All your windows switch to full screen, although you can drag things around so you can have two windows side by side (but not three). And you get the same interface when you plug a screen and keyboard into a Windows 10 phone – the Start screen to launch apps, the back button and task switcher to navigate between them, and universal apps will use the interface they'd have if you were running on a PC.

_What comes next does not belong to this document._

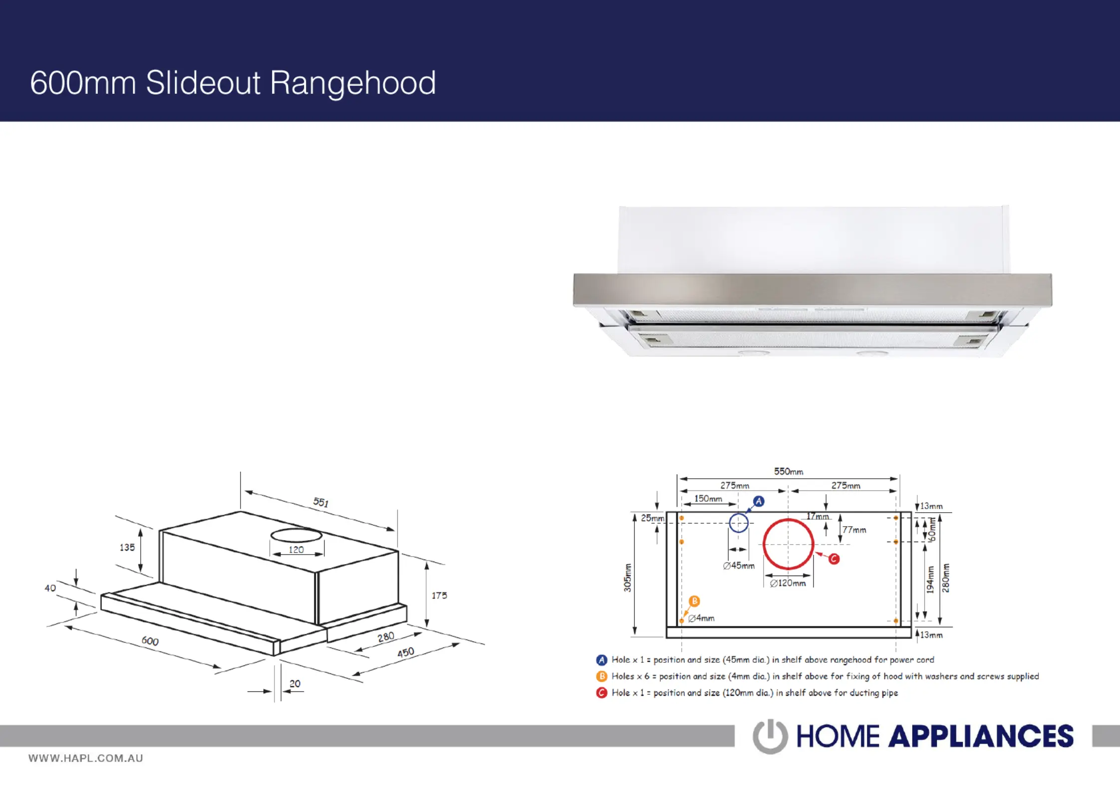 PLEASE NOTE: Dimensions on the Sales Advice Form are a guide only. For complete dimensions and installation requirements refer to the instruction man available at www.hapl.com.au ual

Settings and control panel
The Windows 8 Settings app has taken over many more of the settings that used to be in Control Panel, and it has a Control Panel-style interface with icons to navigate with. But the old Control Panel interface is still there, for settings that aren't in the new Settings app (or if you're just used to finding things there).
Say Hello to your PC
As well as the usual fingerprint scanning support, Windows 10 can use your face or your iris to log you on to your PC. Windows Hello will work with existing fingerprint readers, but it needs a new 3D infrared camera in your PC to use your face – it needs the infrared to know that you're alive and the 3D camera to get the contours of your face, so it doesn't work if someone holds up a photo or wears a mask.
So far there are only a few notebooks from Asus, HP, and Dell that have the right camera, and an all-in-one PC from Lenovo. Once you log in with Hello, Windows can do secure authentication with sites and apps that use the FIDO standard (and with Azure Active Directory) instead of you typing in a password.
DirectX 12
Windows 10 includes the latest version of Microsoft's graphics API – which has major performance improvements but will also work with many existing graphics cards. That's not just good news for gamers; it will speed up any Direct3D apps that are written to DirectX 12, which will include CAD software and other demanding graphics tools.
Phone Companion
Windows 10 includes a new app to help you get your phone set up to work with your PC and with any Microsoft services you use – like Cortana, Skype, Office and OneDrive. So you can plug in an iPhone and set it up to back up photos to OneDrive or get your Xbox Music tracks on an Android phone.
Support is right there
Open the new Contact Support app in Windows 10 to find online tips or chat with Microsoft support online if you get stuck. And if you're really stumped, everyone who upgrades to Windows 10 gets a free 15 minute support phone call to Microsoft.
Windows 10 is free - but not for business
If you get your copy of Windows through a volume licence for business, you'll carry on paying for it. If you have Windows 7, 8 or 8.1 – even the Pro versions, as long as you bought them some other way than through a volume licence – you'll get a free upgrade to Windows 10 in the first year.
And if you're prepared to always use the preview builds in the Windows Insider program you should be able to carry on using Windows 10 without paying for it – it will work but you won't have a proper product key that entitles you to upgrades and support, and stops you getting into trouble with the auditors.